Jaws and hooklike structures attributed to Hoploscaphites from seep deposits in the Upper Cretaceous (Campanian) Pierre Shale, South Dakota. (a) Lower jaw showing the midline slit, ventral view, apex on the top, AMNH 64532. (b) Upper jaw, apex on the top, AMNH 64547. (c) Impression of the left side of the lower jaw, midline slit on the right, AMNH 63423. (d) Lower jaw showing the midline slit, ventral view, apex on the top, AMNH 99198. (e) Hooklike structure showing one of the points projecting to the upper right, AMNH 63530. (f) Hooklike structure with the basal portion exposed on the bottom, AMNH 63531. (g) Hooklike structure with one point complete and one point broken, AMNH 64533. Abbreviation: AMNH American Museum of Natural History
Healed injury on the outer flanks of Placenticeras meeki, AMNH 108168, methane seep deposit, Upper Cretaceous (Campanian) Pierre Shale, South Dakota. The injury was severe enough to affect the mantle. The adoral direction is toward the bottom of the photo. Figure is x 1. Abbreviation: AMNH American Museum of Natural History
Comparison of the carbon isotopic composition (δ13C ‰VPDB) of well-preserved specimens of Baculites compressus collected at seep sites with specimens of the same species from age-equivalent non-seep sites. As a consequence of the impact of anaerobic methane oxidation on the δ13C of the DIC reservoir from which the shells formed, the values of δ13C are consistently lower in the specimens at the seeps, suggesting that they were living at the site. (Data from Landman et al. 2018)

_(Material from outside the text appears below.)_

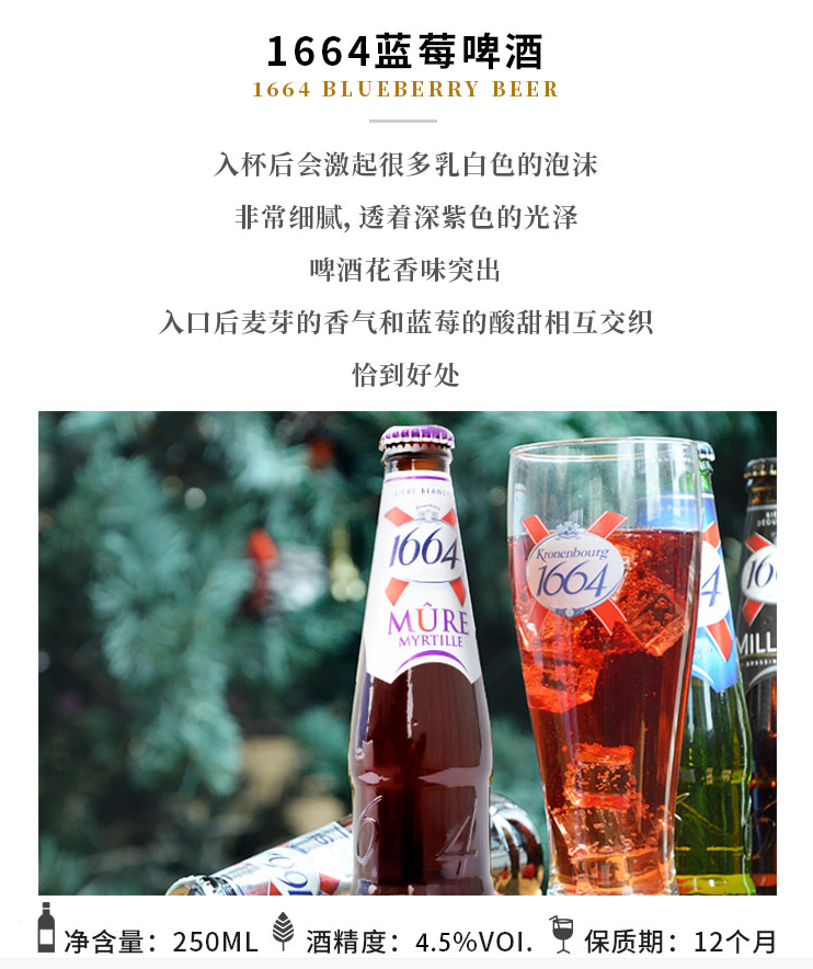 LY法国原装进口精酿啤酒1664蓝莓啤酒250ML酒精度4.5%

In addition to methane seep deposits, ammonites have also been reported in association with reptile carcasses, which could represent relatively small, localized chemosynthetic communities. A mosasaur skeleton-ammonite association was discovered in the Campanian (Upper Cretaceous) Sharon Springs Member of the Pierre Shale, Niobrara County, Wyoming (D. Burnham, R. DePalma, pers. comm. 2016). It consists of a large, fairly complete, partially articulated skeleton of Clidastes associated with a 1-cm-thick ammonite layer that occurs just above and around the mosasaur (Fig. 12.9). The accumulation comprises thousands of small specimens of Baculites haresi, along with a few Hoploscaphites, all of which are juveniles with intact body chambers. The specimens of B. haresi are approximately 1–2 cm long and are oriented northwest-southeast with the apical ends pointing toward the southeast, implying a current from that direction (Fig. 12.10).

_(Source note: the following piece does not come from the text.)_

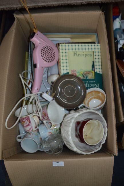 Box Containing Mugs, Dinnerware, Decanters, Cookery Books, Hairdryer, Roasting Dishes, etc.

Mass occurrence of juvenile specimens of Baculites and Hoploscaphites, PBMNH.10.115, associated with a mosasaur carcass in the Upper Cretaceous (Campanian) Sharon Springs Member of the Pierre Shale, Wyoming. North is toward the upper left. Figure is x 1. Abbreviation: PBMNH Palm Beach Museum of Natural History
Rose diagrams showing the orientation of the juvenile specimens of Baculites associated with the mosasaur carcass. The layer is 1 cm thick; the current direction is from the southeast
The Sharon Springs Member has been interpreted as having been deposited on an anoxic bottom (Gill and Cobban 1966; Byers 1979). The most common fossils are nektonic: mosasaurs, fish, squid (enchoteuthids), and ammonites (Baculites haresi). The only benthic organisms are large, flat-sided inoceramids, but these animals may have contained chemosymbiotic bacteria that helped them tolerate a low-oxygen environment (MacLeod and Hoppe 1992). Landman (1988) reported small juveniles of Baculites 5 mm in length sparsely preserved in small gray limestone concretions in this stratigraphic interval. He interpreted the presence of such small juveniles as evidence that the ammonites lived well above the seafloor at this stage of their lives.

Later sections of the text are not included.